Monday, January 24, 2022

'THE FOUNTAINHEAD'.....AYN RAND'S EDIFICE WRECKS......


 The Fountainhead (1949)     Throughout the years, we've encountered any number of movies undeservedly described as "one of a kind"......

              Here's one, that beyond a reasonable doubt, richly earns that categorization......

              Whatever's left of our mind boggles at the thought of explaining the beliefs of the novelist, philosopher and would-be screenwriter Ayn Rand......(or as their popularly known, "objectivism").

               Something along the lines of  'the individual's freedom and ideas outweigh any mass group working together for what's collectively known as The Greater Good'......in other words....every man for himself,...... live free or die hard and the with hell whatever the go-along get-along crowd thinks. Individual reason is everything and mass movements, like organized religion, communism, socialism and other authoritarian dogma are just opiates for the masses.......

               Well.....more or less. We think....maybe.

               In an unheard move for Warner Brothers (or Hollywood itself, for that matter), Rand, whose woeful attempts at movie scripts never saw the light of a projector, adapted her own bestselling novel for the screen.  

                "The Fountainhead", a long, verbose espousal of  Rand's Objectivism thinly disguised as a novel, centered around Howard Roarke, a brilliant, uncompromising architect.  Roarke, whose ultra-modern designs mimic those of Frank Lloyd Wright ,supposedly outrages the powers-that-be and general public with his stubborn individualism, creativity and his refusal to bend to mass opinion. 

              (The  producers reached out to Wright to design the Roarke buildings shown in the film but balked at the legendary architect's $250,000 fee.....)

                 And in case you didn't get the ideas in play here, Rand's screenplay unaltered and untampered with, turns all of the film's  dialogue into her precise, instructive  philosophic rants on objectivism.

                If this sounds like a somewhat bizarre technique for 1949 Hollywood studio product, you've got to see it in action to believe it.

                 Though set in New York City, the film sounds like it's taking place on another planet, where the inhabitants  address each other only in stilted, grammatically correct platitudes......(much like outer space aliens in cheesy 1950's science fiction movies). So there's nothing in the film that sounds even close to normal human speech. )

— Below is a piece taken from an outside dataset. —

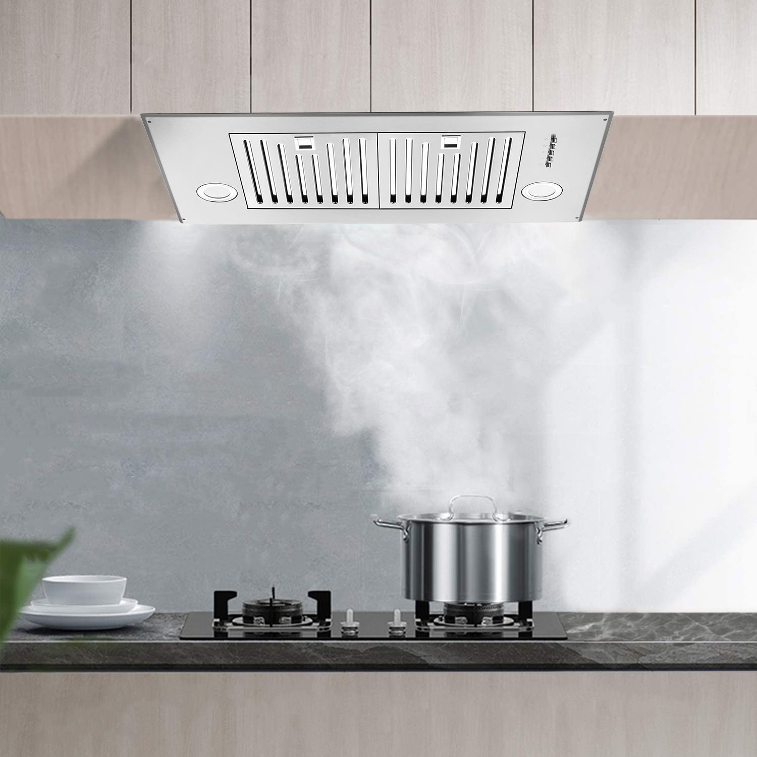 [Elegant Design]Insert Range Hood is made of food-grade; durable; stainless steel brushed stainless steel; which is greasy proof; fouling proof; rust proof; and has an elegant appearance suitable for different kinds of kitchen

                  Gary Cooper, that monotone, man-of-few-words icon, was Rand's personal choice to play the staunchly iconoclastic Roarke. And Cooper makes a valiant attempt to plow through all of Rand's declarative paragraphs as best he can, as does Patricia Neal as the heiress who adores him.....

                 (We did our best not to groan and snicker at the one and only scene where Rand's relentless speechifying takes a brief rest.......in which Neal falls deliriously in love as the sight of Cooper wielding a power drill, stroking its barrel he rams in into solid rock.......it's as close as this movie comes to being....uh....cinematic....)

                  And by all means, let's hear it for the usually stoic Cooper. In the film's looniest scene, he's put on trial for blowing up a construction site where his designs were altered by lesser architects.  Acting as his own attorney, Cooper, in what must to must have amounted to 30 pages of Rand's impossible dialogue, delivers an endless speech outlining the principles of the author's objectivism to his jury.  (Cooper revealed later that he never really understood any of it......)

                   Lucky for him, the jury's a philosophical bunch, ignoring the judge's instructions to render a verdict strictly based on the actual criminal offense.......which leads to a true Hollywood ending, with Neal ascending to the top of Cooper's latest creation......a phallus-like skyscraper where he's waiting at the very tip.......still rigid and unbowed. 

                   Truly a sight to behold and listen to, "The Fountainhead", as offbeat as it is, deserves at least one viewing by any dedicated movie buff.......and then feel free to argue out its politics with whoever watches it with you and won't stop speaking to you if you disagree with each other 3 stars (***).